Researchers use PET to visualize brain pathology as well. At UCLA, Jorge R. Barrio, Ph.D., has created a tracer that binds specifically to amyloid plaques and neurofibrillary tangles. The agent is fluorine-18 2-dialkylamino-6-acylmalononitrile substituted naphthalenes, or FDDNP, which can reveal the earliest signs of Alzheimer's and serve as another indication of amyloid burden and its breakdown in response to drug candidates.

INHIBITING ANGIOGENESIS

Sophisticated imaging probes are boosting efforts to perfect oncologic drugs. In the case of anti-angiogenesis drugs, for example, researchers once gathered results by sacrificing cohorts of mice, a procedure that obviously can't be repeated in humans, Pien said.

Functional MR and PET allow researchers to noninvasively examine vascular changes in animals and humans. A comparison of results enables them to better predict the efficacy of the drug and the value of continuing the clinical trial.

New PET tracers will increase the modality's value for drug testing. Radiotracers will focus on specific chemical compounds such as nuclides tethered to antibodies and peptides that bind exclusively to specific targets on tumors. With evidence that copper-60 ATSM accumulates in hypoxic tissue, PET may be used to predict the efficacy of radiation therapy and to steer clinicians toward more effective therapies, according to Welch.

Patrick M. Winter, Ph.D., an assistant professor of medicine at Washington University, is developing targeted MR agents, including alpha v beta 3-targeted paramagnetic nanoparticles. Tumor neovasculature and the angiogenic processes associated with atherosclerotic plaque development are known to express the anb integrin. It gave Winter targets for very early detection of cancer and atherosclerosis. Additionally, alpha v beta 3 integrin expression can potentially serve as a surrogate marker for the therapeutic response of anti-angiogenic agents. Studies in mice have thus far shown that signals from the nanoparticles can be detected despite the low concentration of integrin.

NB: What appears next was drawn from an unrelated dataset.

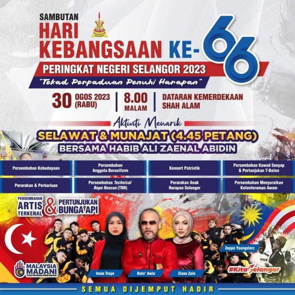 SHAH ALAM, 23 OGOS: Artis terkenal Awie, Ziana Zain dan Iman Troye antara yang akan membuat persembahan sempena sambutan Hari Kebangsaan Ke-66 peringkat negeri pada 30 Ogos ini.
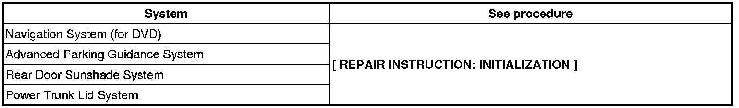 When disconnecting the cable from the negative (-) battery terminal, initialize the following systems after the cable is reconnected.

"By mapping angiogenesis, the nanoparticles will show how aggressive the tumor is and which parts are more aggressive," Winter said.

Such applications of targeted agents will not be common any time soon, however, according to Padhani.

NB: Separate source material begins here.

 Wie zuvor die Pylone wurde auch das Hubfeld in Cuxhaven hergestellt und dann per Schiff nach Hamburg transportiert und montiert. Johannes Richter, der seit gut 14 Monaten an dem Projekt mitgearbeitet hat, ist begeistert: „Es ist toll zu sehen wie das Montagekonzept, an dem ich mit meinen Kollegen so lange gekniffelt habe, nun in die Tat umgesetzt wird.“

"The problem is that the imaging agent is experimental, so you end up performing the drug trial in addition to validation of the imaging agent in patients. That won't fly with the FDA," he said.

Padhani anticipates that most drug developers will continue to rely on conventional imaging such as CT and MRI. Those modalities provide reliable information about toxicity, pharmacodynamics, blood flow, and other variables that can help drug companies decide which agents should be moved through the clinical trial process.

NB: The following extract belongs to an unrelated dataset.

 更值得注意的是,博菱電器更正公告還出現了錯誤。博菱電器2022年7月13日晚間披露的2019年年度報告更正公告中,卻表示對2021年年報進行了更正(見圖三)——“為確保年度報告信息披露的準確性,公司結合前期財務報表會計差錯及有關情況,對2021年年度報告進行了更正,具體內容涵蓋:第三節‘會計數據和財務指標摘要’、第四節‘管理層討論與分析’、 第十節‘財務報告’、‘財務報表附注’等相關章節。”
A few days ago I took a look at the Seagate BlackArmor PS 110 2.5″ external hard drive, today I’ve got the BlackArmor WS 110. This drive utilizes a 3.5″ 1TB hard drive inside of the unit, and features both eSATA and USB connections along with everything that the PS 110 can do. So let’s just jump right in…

"It's extremely unlikely that the FDA will ever license an anti-angiogenesis drug on the basis of functional imaging changes alone," Padhani said. "They will carry only a little weight with the FDA."

The FDA, however, has plans to incorporate the advantages of MI into its clinical trials criteria. The agency's Critical Path Initiative, adopted in 2004, proposed streamlining the approval process for new imaging probes and related drug candidates. Investigational new drug applications can be approved with toxicology testing on just one animal model, Welch said.

"Before, you had to do at least two and often had to include dogs, which gets very expensive," he said. "It's going to be quicker and less expensive."

Through the Critical Path Initiative, the FDA is striving to allow sponsors to more easily use imaging biomarkers during the IND process, according to Mills. The public comment period for the FDA's proposed critical path rules was closed as of Sept. 1, but the final language for the regulations had not yet been published. Mills is confident that the increased use of imaging biomarkers will have desirable effects.

"This use of imaging biomarkers enables sponsors to move quickly into drug development, to assess drug candidates more readily, to save time and costs that would have been devoted previously to less promising candidates, and to focus energies and economic resources on the more promising drug candidates," he said.